Diesels don't create vacuum like a gas engine, so boost comes from a hydraulic or electric booster.
Low booster vacuum is reason for a hard pedal, difficult to push, not a soft pdeal.

Mine was weak from the time I bought it dec of 21 I double tap the brake to bring it up . I told them this but they never looked at it during first year of nitemare issues . It’s still this way too. It really should be a recall like other said
Recall? For what? The brakes work fine. My Silverado was always where it went down farther on the first push compared to subsequent pedal presses. Yet it braked fine, hauled, towed, never a problem. Just a different feel from others.
I wonder if many are trying to compare to other vehicles - and that shouldn't be the case.
I've owned two of these and yes, the pedal is different, but it's more akin to a graduated application of the brakes, not faulty brakes. It'll stop 5,000 pounds just fine. I've had to "hit the brakes!" more than once, and it's never failed. It's a lot like my Chevy was. My ford always had a solid pedal, it was just different, not better. In fact, the rear-only ABS was a joke and just plain deadly!
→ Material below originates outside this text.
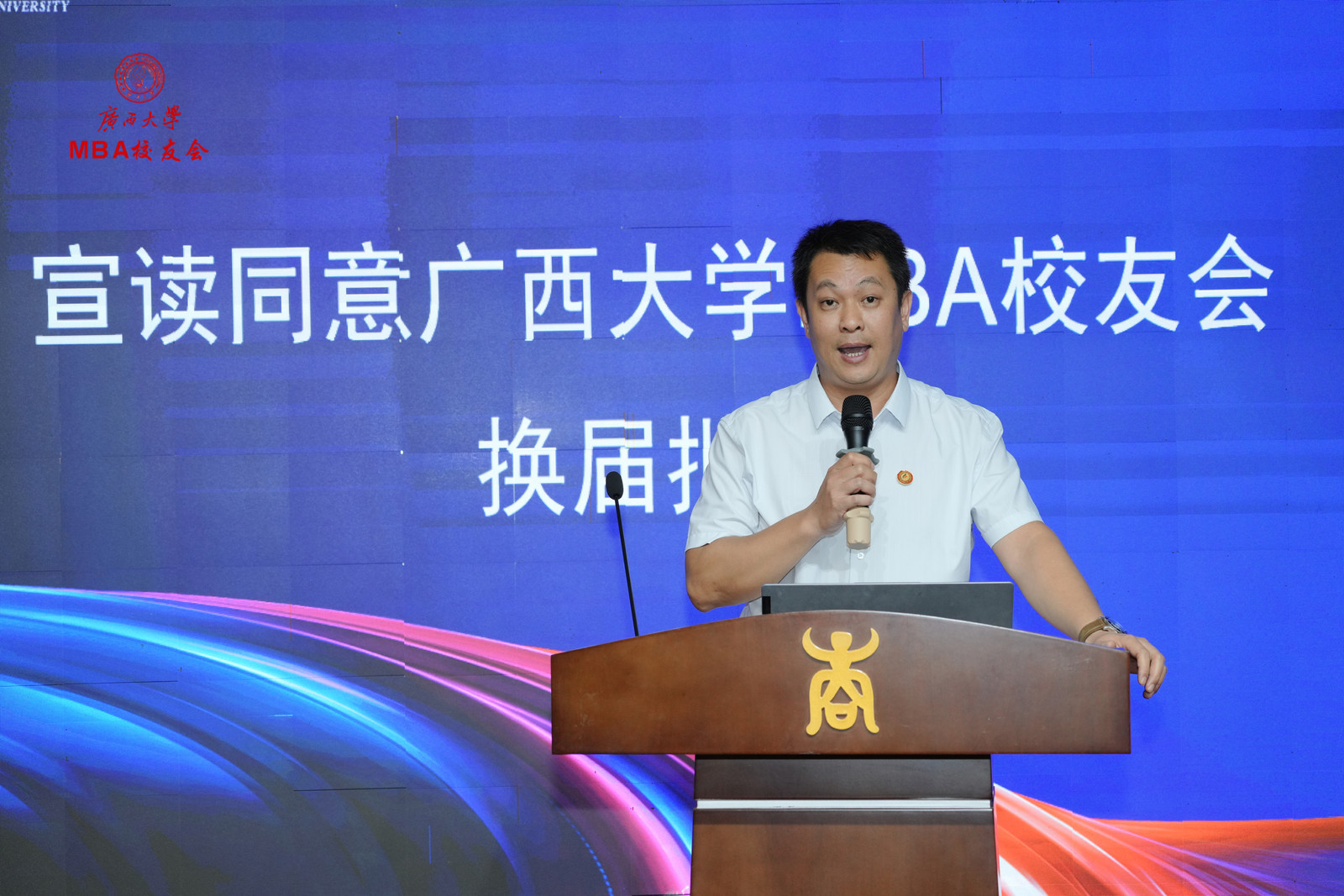 区直校友会代表甘向群、MBA校友代表张程在大会上发言。广州、深圳、区直、南宁市、柳州、桂林、玉林、梧州、贺州、贵港、百色、崇左、SMBA等校友会,EMBA同学会,校友足球协会、乒乓球协会、排球协会等校友代表,以及香港浸会大学MBA、中山大学MBA、暨南大学MBA、深圳大学MBA等嘉宾代表皆到场祝贺。大会还收到了各地兄弟校友会、校友发来的祝贺视频和贺信贺词。最后,换届大会在嘹亮的校歌声中圆满结束。

Most F250 owers disabled that garbage system it was so bad. (there was never a recall)
There's nothing to recall here. The brakes work. They are just more like Chevy than certain other brands. They stop and stop fine (otherwise I'd have been calling DNR a couple of times to get deer removed from the road (and my JT would be in the shop for repairs). I've had people on the highway slam on brakes because they weren't paying attention and I had to do similar (but wasn't following so close). Been in mountains in traffic jams in extreme traffic - never a braking. Pike's Peak- never any issue.
Different, but not faulty.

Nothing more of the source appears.